Aquello estaba bien. «Me encanta eso de ti» no era lo mismo que «Te quiero», pero era mejor que nada.

—Pues hasta mañana temprano —dijo.

—¿Qué haremos?

—Es domingo. —Gus dijo lo primero que se le pasó por la cabeza—. Podríamos ir a la iglesia.

—De acuerdo.

—Deja que te lleve a Notre Dame.

—¿Eres católico? —preguntó Rosa, sorprendida.

—No, episcopaliano, si es que soy algo. ¿Y tú?

—Lo mismo.

—Está bien, podemos sentarnos al fondo. Me enteraré de a qué hora hay misa y te llamaré al hotel.

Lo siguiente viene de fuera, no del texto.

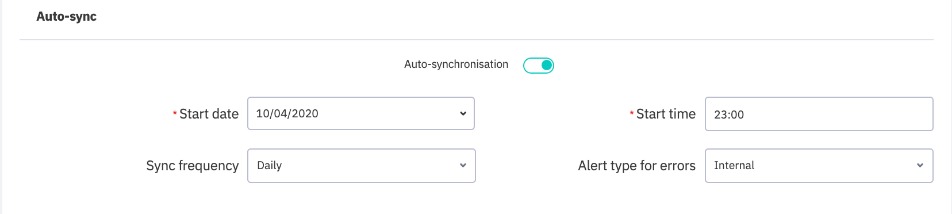 Select Auto-sync frequency from 2h, 4h, 8h, 12h, Daily.

Ella le tendió la mano y se la estrecharon como dos amigos.

—Gracias por una velada tan bonita —dijo Rosa con formalidad.

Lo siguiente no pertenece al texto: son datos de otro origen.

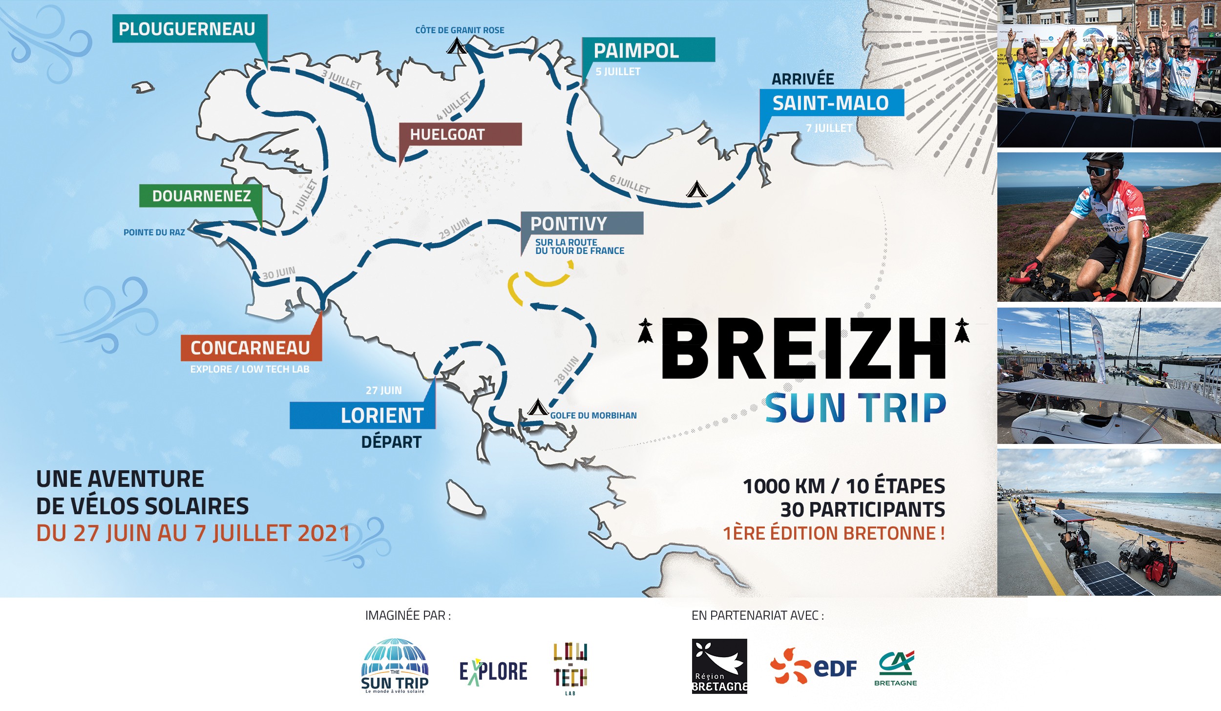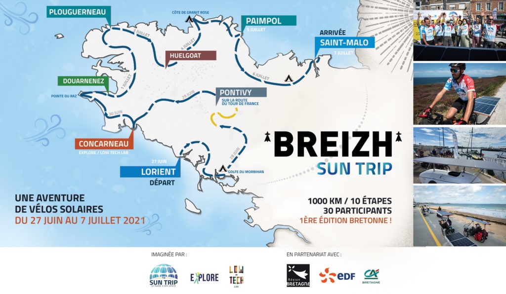 Retrouvez sur cette page les dernières actus du projet Breizh Sun Trip, organisé du 27 juin au 7 juillet, de Lorient à Saint-Malo. 1000km pour 10 étapes à la rencontre du meilleur de la région Bretagne !

—Ha sido un placer. Buenas noches.

—Buenas noches —repuso ella, dio media vuelta y desapareció en el vestíbulo de su hotel.

36

Marzo-abril de 1919

I

Cuando la nieve se derritió y la tierra rusa, dura como el hierro, se convirtió en un fango húmedo y fértil, los ejércitos blancos realizaron un descomunal esfuerzo por librar a su país de la maldición del bolchevismo. La fuerza de cien mil hombres del almirante Kolchak, pertrechada a medias con uniformes y armamento británicos, salió atropelladamente de Siberia y atacó a los rojos en un frente que se extendía a lo largo de 1.125 kilómetros de norte a sur.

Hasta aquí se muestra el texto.